Bold Strokes Books
- Founded: 2004
- Founder: Len Barot
- Country of origin: United States
- Headquarters location: Cambridge, New York
- Publication types: Books
- Fiction genres: LGBTQ fiction
- Official website: www.boldstrokesbooks.com

= Bold Strokes Books =

American publishing company

Bold Strokes Books is a midsized independent publisher headquartered in Cambridge, New York that offers a diverse collection of lesbian, gay, bisexual, transgender, and queer general and genre fiction. Their list includes romance, mystery/intrigue, crime, erotica, speculative fiction (sci-fi/fantasy/horror), general fiction, and young adult fiction.
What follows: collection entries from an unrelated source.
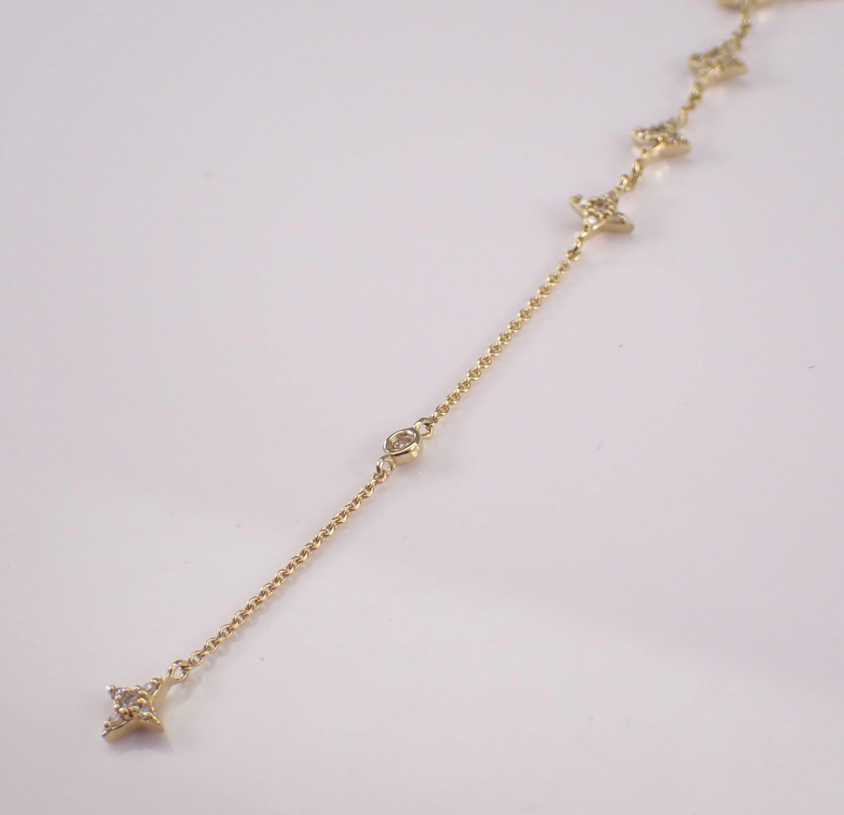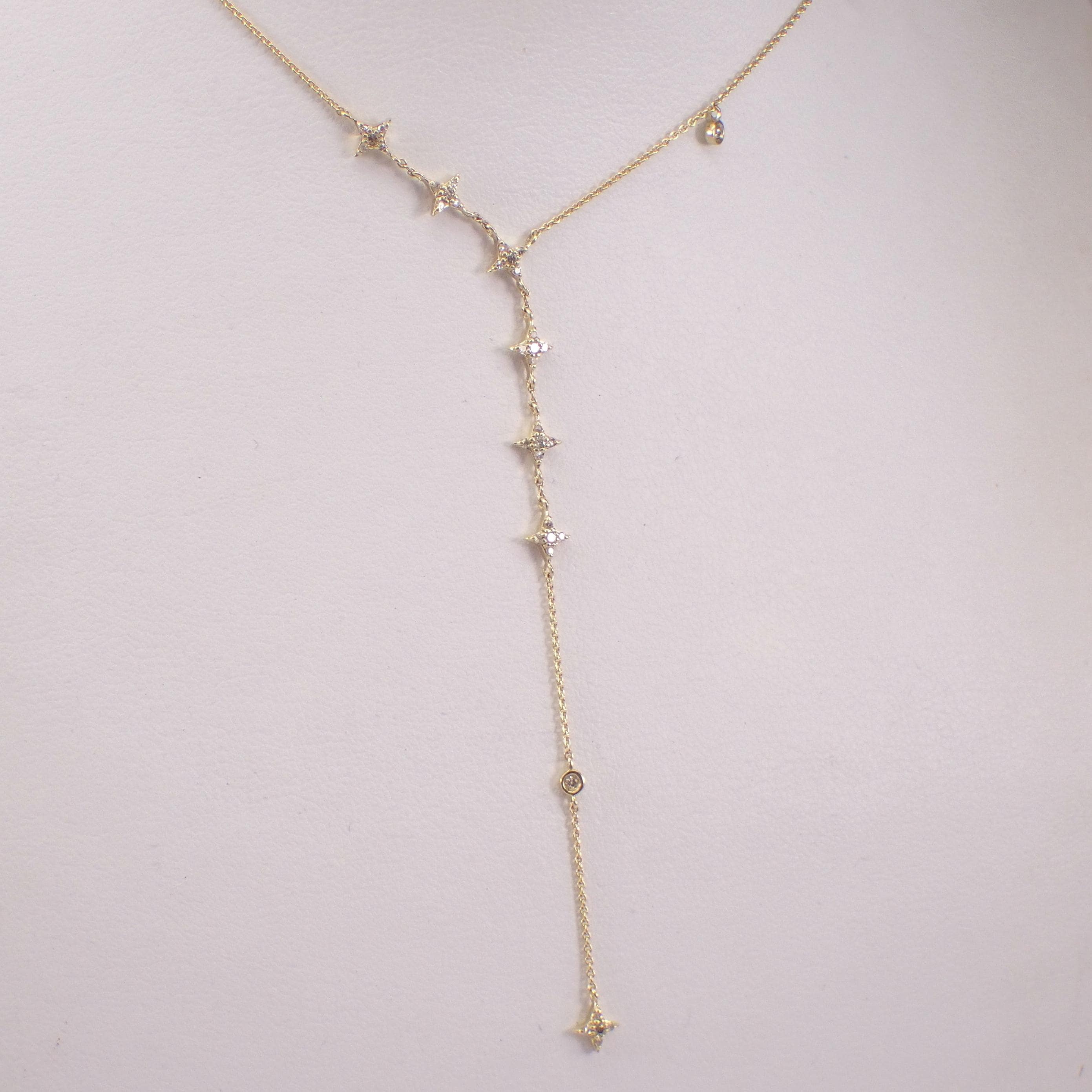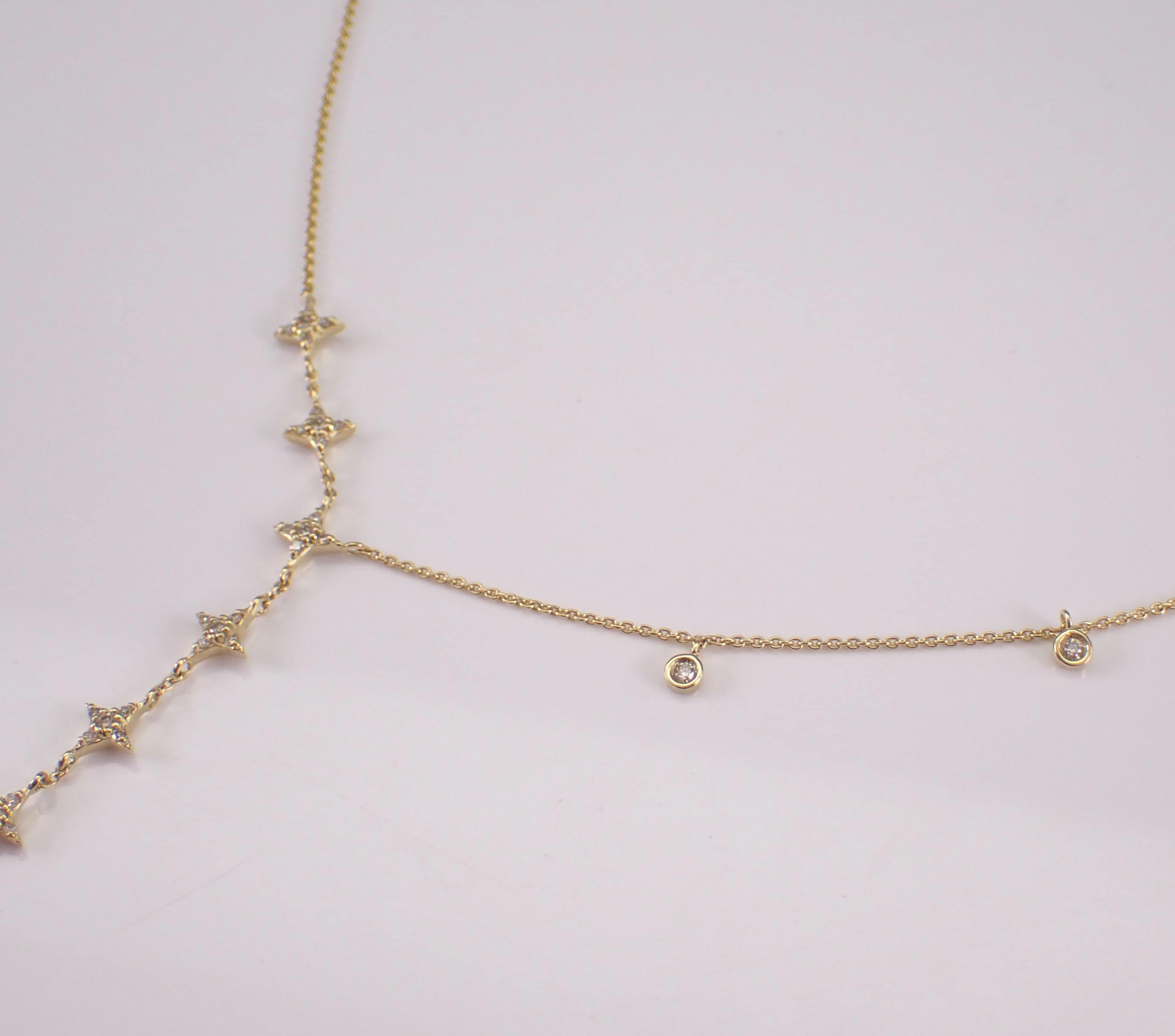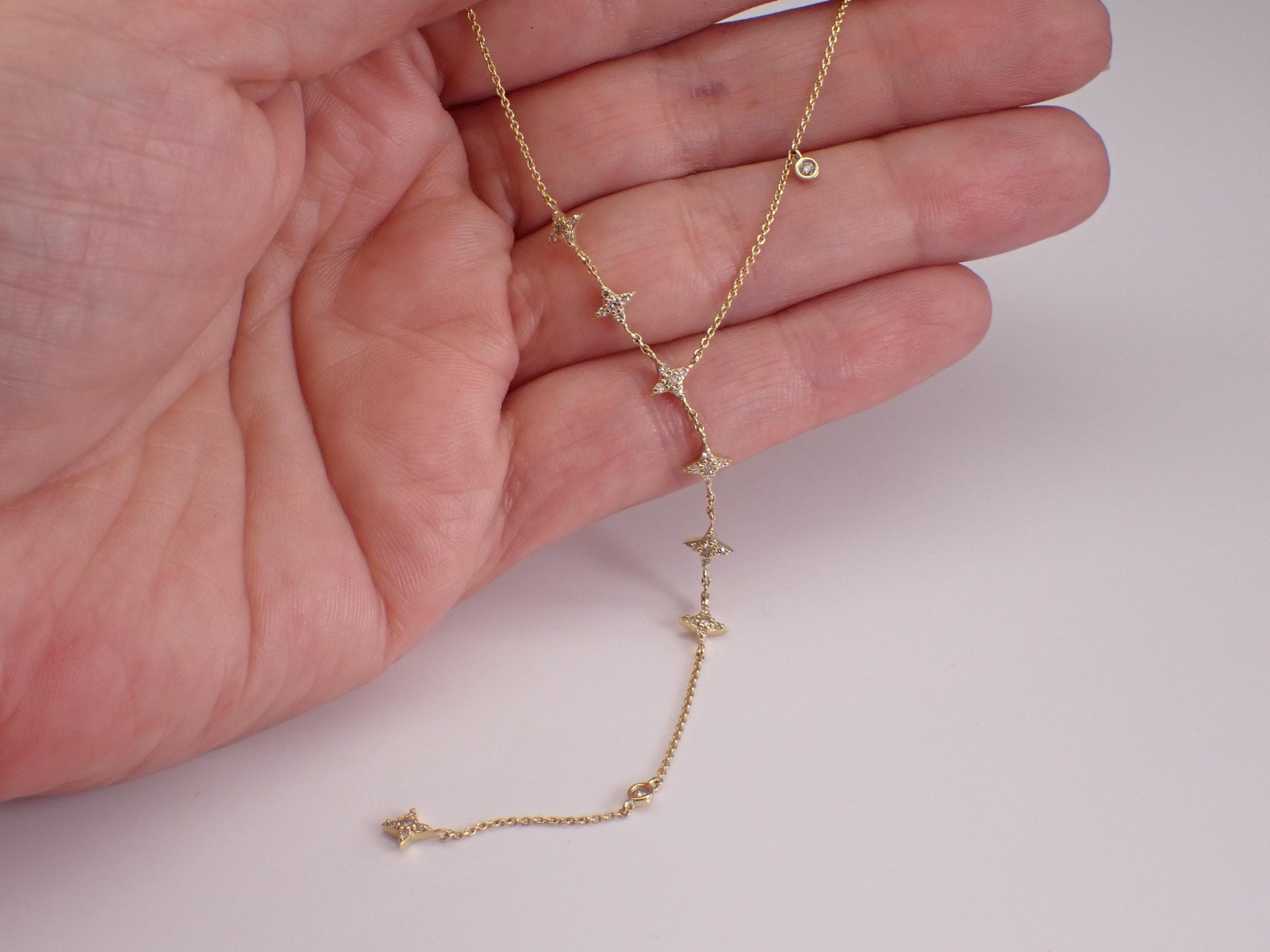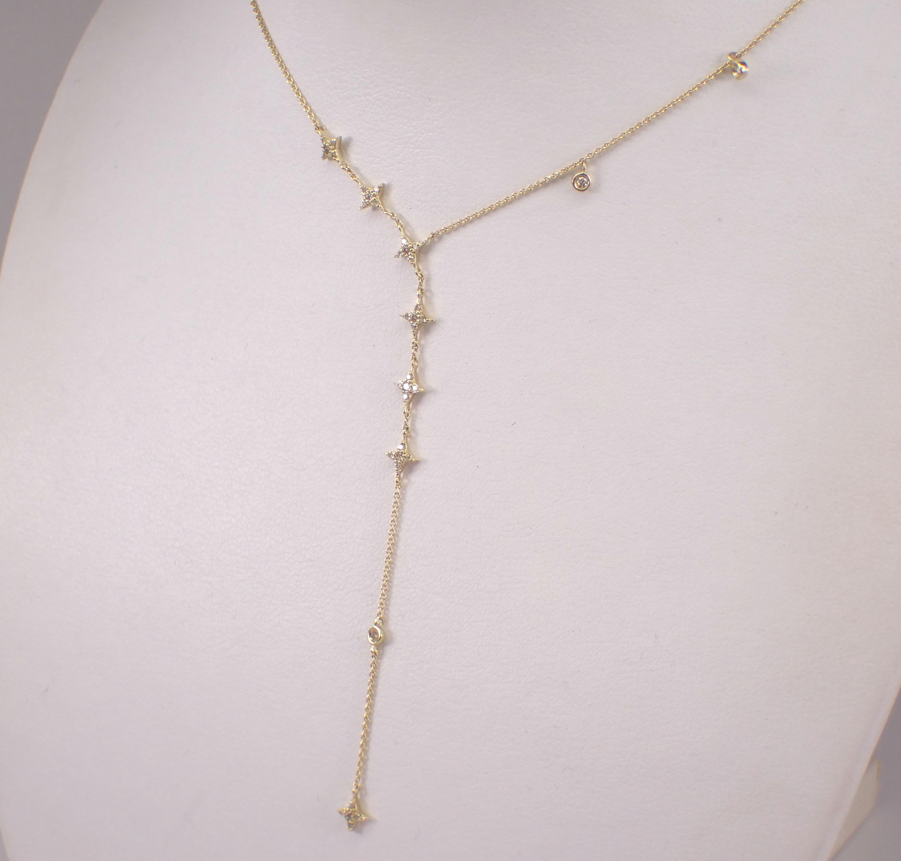Yellow Gold Diamond LARIAT Star Necklace. This necklace is set with thirty-eight genuine natural round brilliant diamonds. These diamonds are H color, SI/I1 clarity and weigh a total of 1/4 carat. This necklace is 10KT Yellow Gold, measures 16" in length overall (has a 3" adjustment loop) and the lariat measures 3" in length. This necklace weighs 2.4 grams and will be accompanied by an appraisal written by a GIA Certified Diamond Grader with the retail replacement value of $1,495.00. I will ship this necklace promptly in a beautiful gift box.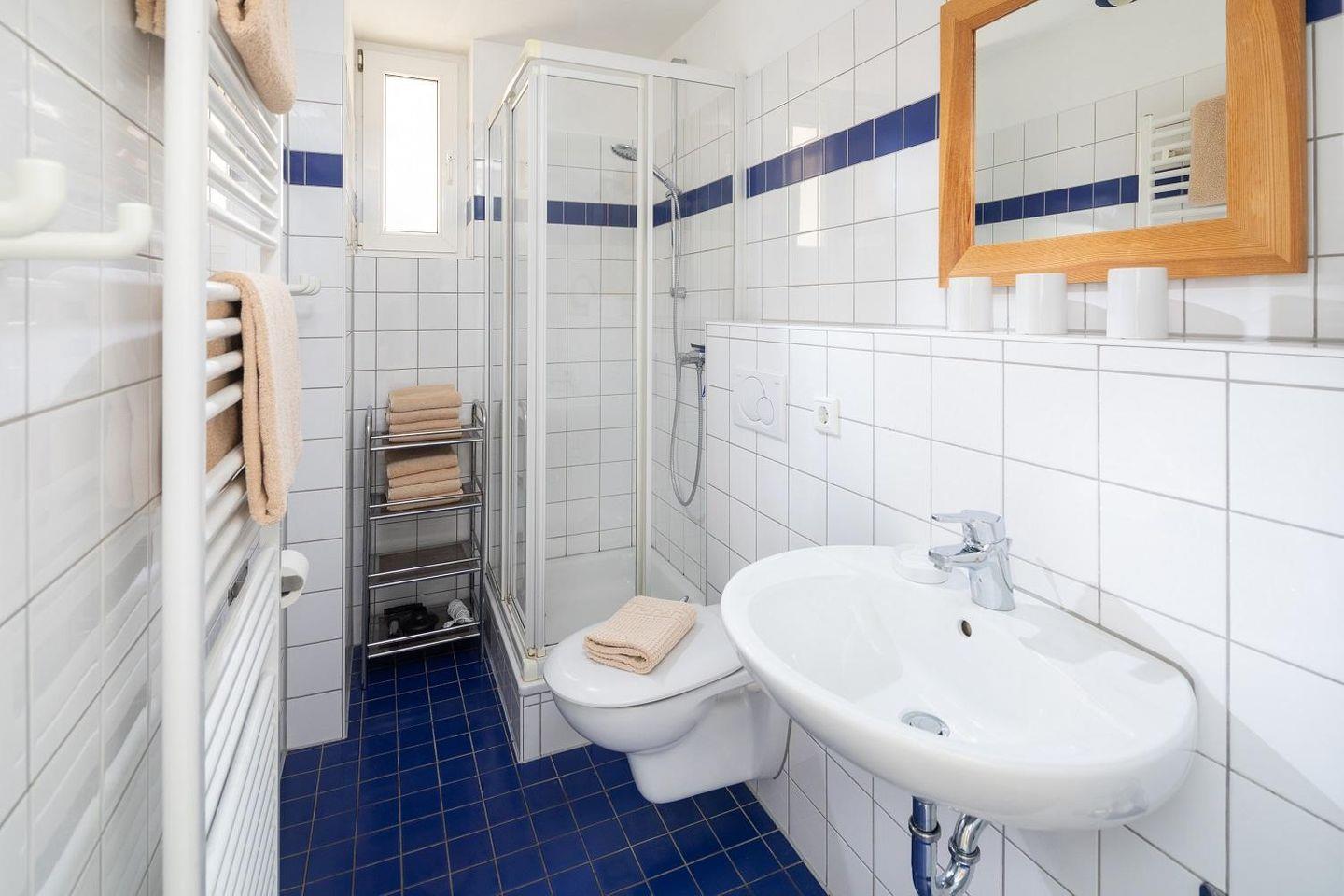 die beiden Schlafzimmer der zweckmäßig eingerichteten Wohnung im EG liegen sich gegenüber nach hinten raus. Das größere der beiden mit Doppelbett verfügt über ein zusätzliches TV, das andere ist mit zwei Einzelbetten ausgestattet.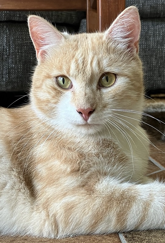 Er geht offen und freundlich auf jeden zu, begrüßt neue Bekanntschaften charmant und streicht dabei gern um die Beine. Manchmal erinnert er fast an einen Hund – er empfängt uns mit einem aufgeregten Taubengurren und begleitet seinen Menschen aufmerksam auf allen Wegen durchs Haus. Alltagsgeräusche wie Staubsauger oder Waschmaschine bringen ihn nicht aus der Ruhe, was darauf hindeutet, dass er schon einmal in einem Zuhause mit Menschen gelebt hat.

The company was founded in July 2004 by Len Barot.

As of 2018, Bold Strokes Books has published over 1,000 works by more than 200 authors, in paperback, ebook, and audiobook formats.
Among its most notable titles are In Too Deep by Ronica Black (2005), Mistress of the Runes by Andrews & Austin (2007), Lady Knight by L-J Baker (2007), Blind Curves by Jacob and Diane Anderson-Minshall (2007) and Light by Nathan Burgoine (2013).

In 2007, Bold Strokes Books became the first LGBTQ publisher to be formally recognized by Romance Writers of America.

The company was also a sponsor of the annual Lesbian Book Festival in Palm Springs, California.